Глава 13 Выхода нет?

Валентина Лесунова
В последний раз прошлась по пустым комнатам, увидела желтое пятно на стене, равнодушно подумала, что не надо ломать голову, чем его закрыть, Понаблюдала из кухонного окна, как во двор въехал камаз, долго пятился задом к крыльцу, из кабины вылезла Фенька, путаясь в длинной юбке. Вытеснили, подумала она, сильные изгоняют слабых,  спасибо, что не убили.
         Она уже перенесла вещи в квартиру соседки. Их было немного, всего две дорожные сумки обуви и одежды и кейс с бумагами, еще посуда, которой пользовалась в последние дни: кружка, ложка, чашка, миска, ковшик вместо чайника, и паралоновый матрац, на котором спала. Больше ничего.
        Не дожидаясь звонка, открыла дверь, ключ бросила на пороге и скорым шагом спустилась по лестнице, боком пройдя мимо Фени, будто боясь заразиться стыдной болезнью. 
         
         Шла, не разбирая дороги, и не заметила, как оказалась у школы. В вестибюле прохладно, непривычно тихо и так же чуждо,  как бывает, когда навсегда покидаешь место,  по своему ли желанию или по чьей-то воле. Без сил опустилась на стул у гардероба и расплакалась, навзрыд,  не пытаясь успокоиться.
     По лестнице спустилась уборщица Надя, еще нестарая женщина с теплой улыбкой на белом лице. Иногда, очень редко, собачилась со школьниками, но не злобно, а как-то обиженно.
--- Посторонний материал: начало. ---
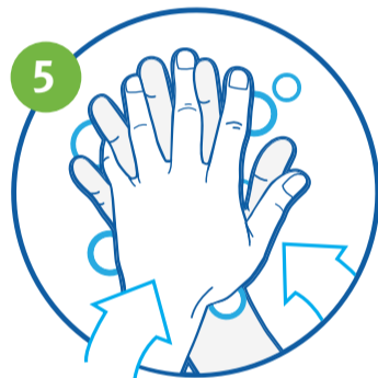
Rub hands palm to palm with fingers interlaced.
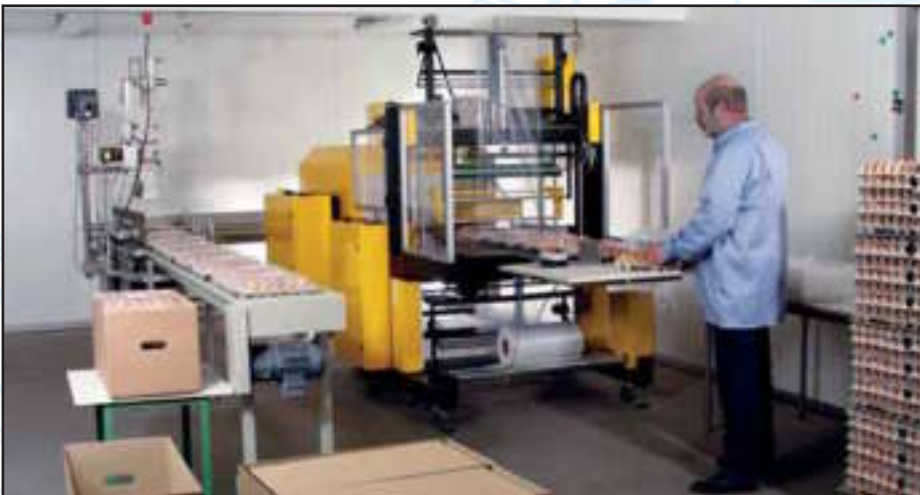
A U-shaped installation permits one-man operation in small spaces.

These machines distinguish themselves by quickly and efficiently shrink-wrapping any product imaginable. The driven feed and delivery belt of the BP-700-CVS enables this machine to be installed in a production line, thus increasing the capacity and eliminating the need for products to be lifted by personnel. This special packaging system allows you to pack products of different sizes without film changeover: small products will have smaller openings on both sides than bigger products. If the film is too narrow or too wide, feeding a different width film is only a simple operation. The film is controlled fully automatically.
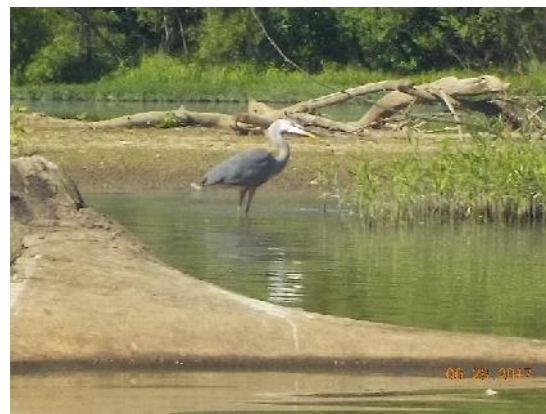
Figure 5: Great Blue Heron looking for fish to eat
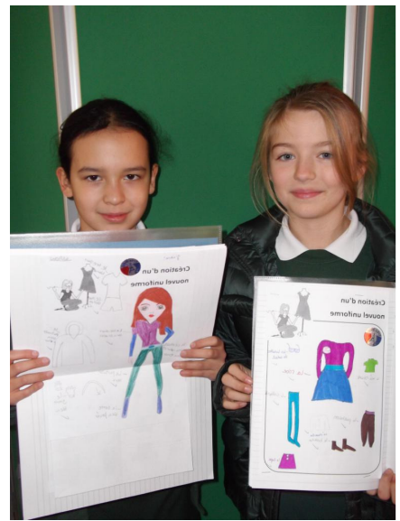
Y6 revised items of clothing and created a new uniform for The Cavendish School.
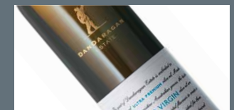
DANDARAGAN ESTATE - EXTRA VIRGIN OLIVE OILS
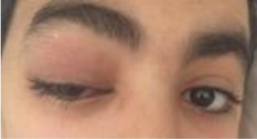
Figure : 4
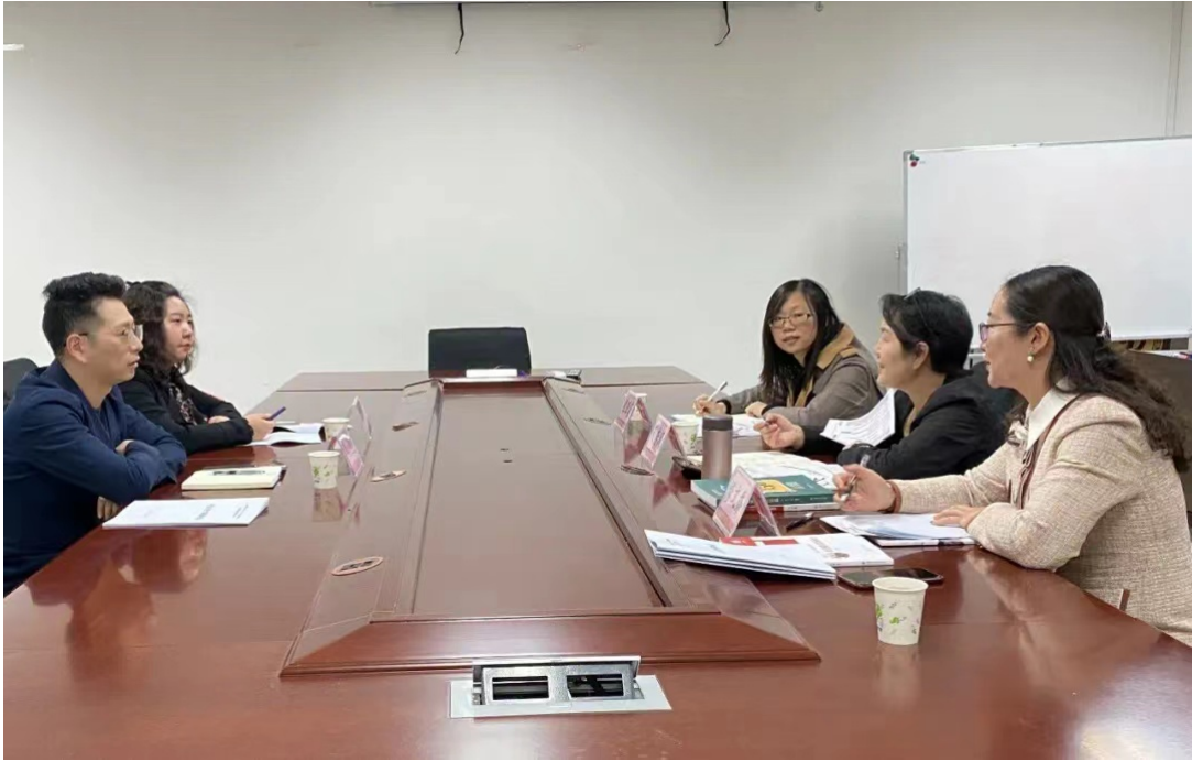
Grouphorse held cooperation meeting with China University of Petroleum, Beijing
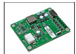
6820002 LED Driver 150W Version 3

Когда она начинала ругаться крикливым голосом, дети замечали ее и всегда извинялись.
    
               - Ах, надо же, да как это так, ну, что же вы, идемте ко мне, у меня комната пустует, нет, никаких денег не надо, у меня пенсия, да, слава богу, еще работаю, - причитала Надя и осторожно вела Софью, поддерживая под локоть.   
   
     Софья не сопротивлялась и не следила, куда ее ведут, пока не ощутила подъем в гору, -остановилась и огляделась.
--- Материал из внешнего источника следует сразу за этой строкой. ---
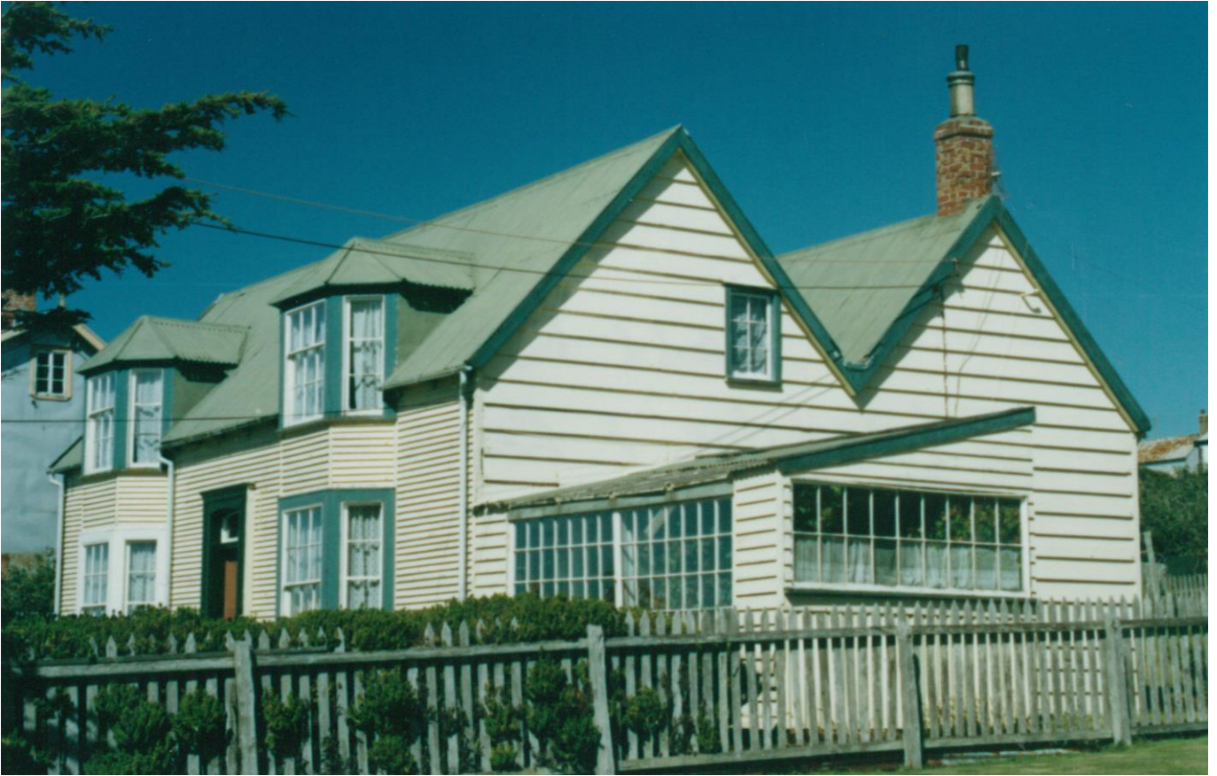
4 Ross Road East from the north west, 1994

Madge, age 93, died 8 September 1995. Rene, age 93, died 31 July 2002. The house was left to St Mary's Church.

               - Я тут живу,  на улице Энтузиастов, три жилых дома, остальные – развалюхи. За моим огородом строят девятиэтажку, пока только фундамент, я так уматываюсь за день, что шум спать не мешает, объясняла Надя.
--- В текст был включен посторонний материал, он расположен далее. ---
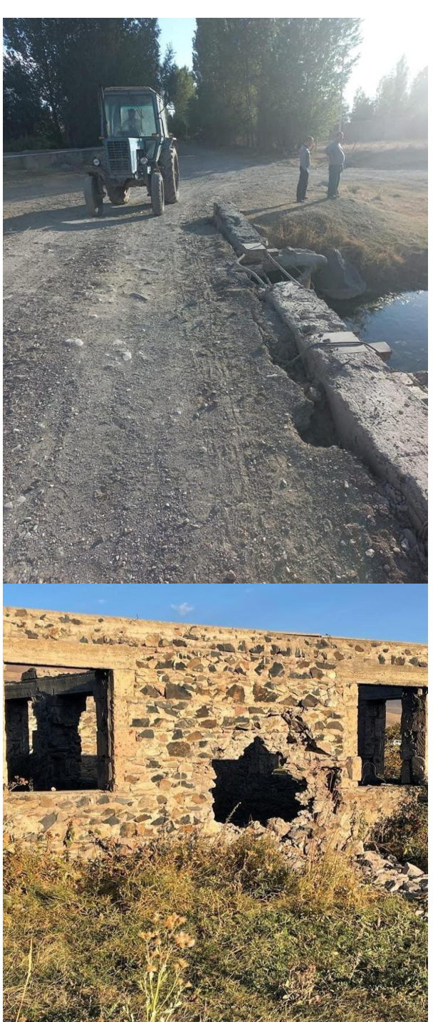
Gegharkunik province, Sotk community

         Длинный домик на два хозяина, внутри  просторная комната с низком потолком, печка  и два оконца. Под ними были батареи.
              - Печь не топите? – спросила она.
              - Топлю, милая, а как же, топлю, и летом топлю, холода не люблю, кости болят от холода. Идем, покажу вам, где спать будете, - через комнату она провела Софью  в каморку, прилегающую к печи. Из маленького оконца видно было, как суетились строители среди бетонных плит, очень близко, почти вплотную к забору.  - Приносите вещи, устраивайтесь. Денег не надо, - повторила она, - Печь протопите, и на том спасибо. Я часто к дочери уезжаю и переживаю, стоит ли еще моя изба, или снесли ненароком. Вы будете за сторожа. Так что  я должна приплачивать. Вещи несите и устраивайтесь.

       Софья постояла на улице, поискала отличительные знаки, чтобы потом  найти калитку к Наде, и заметила косо приклеенную  рекламку: «Выхода нет? Выход есть!» красными буквами на желтом экране монитора.
         
        Свернула к  школе, закончить все дела сразу и начать с чистого листа. От себя не уйти, но пытаться надо, воспринять случившееся, как шанс к изменению, - внушала она себе, смутно представляя, как ей изменяться.
        Рывком открыла дверь в учительскую, почти пустую, только  за дальним столом у окна сидела преподавательница математики. Софья кивнула ей и попросила ручку и чистый лист бумаги, можно тетрадный. В клетку? сойдет,  быстро написала заявление и понесла завучу. Та была на месте, покрутила заявление, пристально  посмотрела на Софью:
                - Я вас понимаю, но надо добиваться, подайте в суд, в конце концов, надо что-то делать. Уволиться всегда успеете.
                - В суд подавать не буду, работать в школе не смогу.
    Завуч вздохнула и поставила размашистую подпись.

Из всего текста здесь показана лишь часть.